IDProjectCategoryView StatusLast Update
0002420GNUnetDHT servicepublic2012-11-05 18:34
Reporterdiekmann Assigned ToChristian Grothoff  
PriorityurgentSeveritymajorReproducibilityalways
Status closedResolutionfixed 
Platformx86-64OSLinuxOS VersionUbuntu 12.04
Product Version0.9.3 
Target Version0.9.4Fixed in Version0.9.4 
Summary0002420: Core eating up all memory
DescriptionError in SVN Revision: 21321 and 0.9.3


gnunet-service-core and gnunet-service-dht consume all resources.

Flood of
'core-7944 INFO Sending 8 message with 823 bytes to client interested in messages of type 148.'
Steps To Reproducecompile GNUnet extension from attachment.
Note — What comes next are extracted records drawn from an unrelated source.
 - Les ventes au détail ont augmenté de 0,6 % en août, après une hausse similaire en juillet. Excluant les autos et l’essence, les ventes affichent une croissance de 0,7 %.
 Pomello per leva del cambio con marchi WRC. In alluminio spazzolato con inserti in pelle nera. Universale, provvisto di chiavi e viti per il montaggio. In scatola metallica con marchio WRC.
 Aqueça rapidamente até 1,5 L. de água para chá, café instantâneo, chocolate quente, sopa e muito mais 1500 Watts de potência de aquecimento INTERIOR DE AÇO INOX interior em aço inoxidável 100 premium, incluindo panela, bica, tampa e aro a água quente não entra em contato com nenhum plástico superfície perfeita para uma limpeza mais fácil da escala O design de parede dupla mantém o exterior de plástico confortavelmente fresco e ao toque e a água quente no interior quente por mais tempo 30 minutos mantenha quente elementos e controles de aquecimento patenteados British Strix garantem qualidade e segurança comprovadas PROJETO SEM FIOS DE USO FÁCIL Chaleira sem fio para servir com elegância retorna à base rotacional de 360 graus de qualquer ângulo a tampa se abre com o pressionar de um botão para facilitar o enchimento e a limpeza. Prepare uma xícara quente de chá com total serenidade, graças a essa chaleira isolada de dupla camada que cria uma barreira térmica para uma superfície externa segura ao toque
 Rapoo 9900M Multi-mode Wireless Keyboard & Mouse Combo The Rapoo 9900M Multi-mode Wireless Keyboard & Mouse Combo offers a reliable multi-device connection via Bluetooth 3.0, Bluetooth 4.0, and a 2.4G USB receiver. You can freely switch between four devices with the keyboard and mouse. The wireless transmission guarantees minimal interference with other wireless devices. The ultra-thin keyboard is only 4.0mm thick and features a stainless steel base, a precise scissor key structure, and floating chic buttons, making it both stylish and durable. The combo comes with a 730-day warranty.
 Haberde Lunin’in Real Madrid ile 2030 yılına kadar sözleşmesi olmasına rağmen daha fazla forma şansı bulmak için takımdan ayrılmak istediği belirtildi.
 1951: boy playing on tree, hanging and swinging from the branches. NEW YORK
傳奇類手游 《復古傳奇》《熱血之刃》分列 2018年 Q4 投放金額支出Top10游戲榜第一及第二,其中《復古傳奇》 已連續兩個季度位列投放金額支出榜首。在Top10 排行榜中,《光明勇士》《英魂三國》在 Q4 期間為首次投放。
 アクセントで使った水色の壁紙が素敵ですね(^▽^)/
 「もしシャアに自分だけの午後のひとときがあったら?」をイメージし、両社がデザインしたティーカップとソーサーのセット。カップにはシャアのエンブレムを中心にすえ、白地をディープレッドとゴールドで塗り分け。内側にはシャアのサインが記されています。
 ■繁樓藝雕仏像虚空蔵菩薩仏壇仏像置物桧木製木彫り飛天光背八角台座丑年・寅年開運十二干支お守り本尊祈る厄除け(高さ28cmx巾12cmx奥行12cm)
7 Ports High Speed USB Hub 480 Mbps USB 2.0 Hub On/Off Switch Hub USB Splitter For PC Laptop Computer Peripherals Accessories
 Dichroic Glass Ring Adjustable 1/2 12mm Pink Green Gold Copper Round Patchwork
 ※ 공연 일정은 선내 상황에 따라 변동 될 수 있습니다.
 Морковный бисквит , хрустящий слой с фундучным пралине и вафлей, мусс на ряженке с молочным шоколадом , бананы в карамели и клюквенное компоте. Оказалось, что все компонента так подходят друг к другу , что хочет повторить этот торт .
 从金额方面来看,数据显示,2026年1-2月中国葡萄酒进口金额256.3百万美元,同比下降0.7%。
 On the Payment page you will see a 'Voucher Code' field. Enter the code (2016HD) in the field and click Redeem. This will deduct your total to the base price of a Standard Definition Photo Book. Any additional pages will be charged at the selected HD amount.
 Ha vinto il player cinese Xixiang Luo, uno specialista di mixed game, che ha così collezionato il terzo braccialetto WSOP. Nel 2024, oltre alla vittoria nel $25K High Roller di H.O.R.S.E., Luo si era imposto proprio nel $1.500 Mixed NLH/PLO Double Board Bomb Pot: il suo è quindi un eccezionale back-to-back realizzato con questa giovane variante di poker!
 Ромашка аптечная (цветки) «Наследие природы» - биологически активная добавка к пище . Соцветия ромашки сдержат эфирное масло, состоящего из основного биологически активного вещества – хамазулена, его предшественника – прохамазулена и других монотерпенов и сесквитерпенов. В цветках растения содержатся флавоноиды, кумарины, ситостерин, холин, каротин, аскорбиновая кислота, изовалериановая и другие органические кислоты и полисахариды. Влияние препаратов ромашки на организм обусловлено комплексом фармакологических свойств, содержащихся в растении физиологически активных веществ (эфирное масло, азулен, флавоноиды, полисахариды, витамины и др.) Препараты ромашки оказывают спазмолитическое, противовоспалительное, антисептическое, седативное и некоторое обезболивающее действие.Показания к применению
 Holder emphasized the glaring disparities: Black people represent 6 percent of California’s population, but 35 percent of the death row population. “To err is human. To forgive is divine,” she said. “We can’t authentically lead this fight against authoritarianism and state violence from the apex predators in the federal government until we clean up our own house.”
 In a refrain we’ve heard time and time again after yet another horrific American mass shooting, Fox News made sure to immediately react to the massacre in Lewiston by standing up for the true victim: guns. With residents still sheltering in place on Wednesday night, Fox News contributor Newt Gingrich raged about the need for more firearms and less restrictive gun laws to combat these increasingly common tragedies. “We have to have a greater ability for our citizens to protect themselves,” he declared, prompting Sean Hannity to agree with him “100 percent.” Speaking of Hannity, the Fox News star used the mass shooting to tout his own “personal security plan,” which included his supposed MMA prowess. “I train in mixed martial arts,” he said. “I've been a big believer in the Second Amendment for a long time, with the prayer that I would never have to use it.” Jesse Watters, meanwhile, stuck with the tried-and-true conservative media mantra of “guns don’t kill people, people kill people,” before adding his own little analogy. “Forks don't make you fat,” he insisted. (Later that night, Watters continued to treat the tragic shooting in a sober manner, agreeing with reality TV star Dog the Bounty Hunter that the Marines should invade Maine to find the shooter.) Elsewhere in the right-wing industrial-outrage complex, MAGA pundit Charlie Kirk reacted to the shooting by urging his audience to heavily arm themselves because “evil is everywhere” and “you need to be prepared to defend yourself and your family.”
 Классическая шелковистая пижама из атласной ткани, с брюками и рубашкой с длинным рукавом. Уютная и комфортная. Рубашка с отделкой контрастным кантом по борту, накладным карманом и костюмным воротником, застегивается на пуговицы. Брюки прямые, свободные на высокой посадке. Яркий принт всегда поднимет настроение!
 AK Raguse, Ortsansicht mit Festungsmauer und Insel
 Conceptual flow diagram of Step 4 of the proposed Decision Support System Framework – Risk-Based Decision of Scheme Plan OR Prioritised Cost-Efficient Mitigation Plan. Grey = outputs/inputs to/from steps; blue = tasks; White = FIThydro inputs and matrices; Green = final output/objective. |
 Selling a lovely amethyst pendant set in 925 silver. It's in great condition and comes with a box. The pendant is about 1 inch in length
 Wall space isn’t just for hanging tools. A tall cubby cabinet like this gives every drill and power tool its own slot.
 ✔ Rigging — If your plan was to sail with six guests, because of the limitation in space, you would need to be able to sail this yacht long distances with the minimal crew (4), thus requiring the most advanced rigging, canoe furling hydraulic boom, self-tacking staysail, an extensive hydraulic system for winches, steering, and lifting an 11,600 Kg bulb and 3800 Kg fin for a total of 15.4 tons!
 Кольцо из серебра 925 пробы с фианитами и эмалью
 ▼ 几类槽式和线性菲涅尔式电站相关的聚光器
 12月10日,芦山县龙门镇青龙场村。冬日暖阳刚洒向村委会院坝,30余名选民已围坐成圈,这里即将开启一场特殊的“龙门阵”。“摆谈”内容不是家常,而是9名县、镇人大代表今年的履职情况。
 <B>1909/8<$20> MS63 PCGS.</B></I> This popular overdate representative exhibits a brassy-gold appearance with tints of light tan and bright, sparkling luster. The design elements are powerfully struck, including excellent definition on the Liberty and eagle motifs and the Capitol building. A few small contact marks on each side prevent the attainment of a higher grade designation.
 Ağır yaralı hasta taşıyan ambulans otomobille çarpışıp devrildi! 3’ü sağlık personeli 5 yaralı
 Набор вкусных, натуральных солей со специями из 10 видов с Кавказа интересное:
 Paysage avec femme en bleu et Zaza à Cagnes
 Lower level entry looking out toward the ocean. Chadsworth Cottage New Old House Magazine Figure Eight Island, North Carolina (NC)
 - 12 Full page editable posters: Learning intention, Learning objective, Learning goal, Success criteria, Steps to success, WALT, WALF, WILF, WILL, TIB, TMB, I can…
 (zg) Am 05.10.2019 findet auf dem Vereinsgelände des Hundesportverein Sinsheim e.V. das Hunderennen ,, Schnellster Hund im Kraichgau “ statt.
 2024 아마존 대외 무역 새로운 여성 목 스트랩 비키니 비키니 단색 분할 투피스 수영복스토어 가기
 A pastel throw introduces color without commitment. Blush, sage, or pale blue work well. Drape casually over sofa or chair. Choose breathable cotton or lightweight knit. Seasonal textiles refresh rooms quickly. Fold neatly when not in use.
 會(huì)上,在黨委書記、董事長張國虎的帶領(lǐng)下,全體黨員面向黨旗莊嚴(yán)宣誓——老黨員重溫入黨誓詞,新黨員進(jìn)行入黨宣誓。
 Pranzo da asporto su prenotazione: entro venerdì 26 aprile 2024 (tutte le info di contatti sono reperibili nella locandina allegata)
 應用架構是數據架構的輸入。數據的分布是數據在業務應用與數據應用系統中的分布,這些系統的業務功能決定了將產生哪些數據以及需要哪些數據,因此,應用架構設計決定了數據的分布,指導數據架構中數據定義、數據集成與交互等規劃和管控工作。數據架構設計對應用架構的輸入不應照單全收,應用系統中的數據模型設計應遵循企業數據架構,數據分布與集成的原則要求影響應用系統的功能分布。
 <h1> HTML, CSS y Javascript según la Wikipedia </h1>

Builds against r21321 and with minor changes against 0.9.3

./admin --configure
make
make install
make check
---
monitor memory and CPU usage
TagsNo tags attached.
Attached Files
core_eating_my_mem.tar.gz (101,739 bytes)

Activities

Christian Grothoff

2012-06-12 19:30

manager   ~0006051

Doesn't compile for me, 'json.h' is missing. Is that supposed to be a system header, or did you forget to include it in the tgz?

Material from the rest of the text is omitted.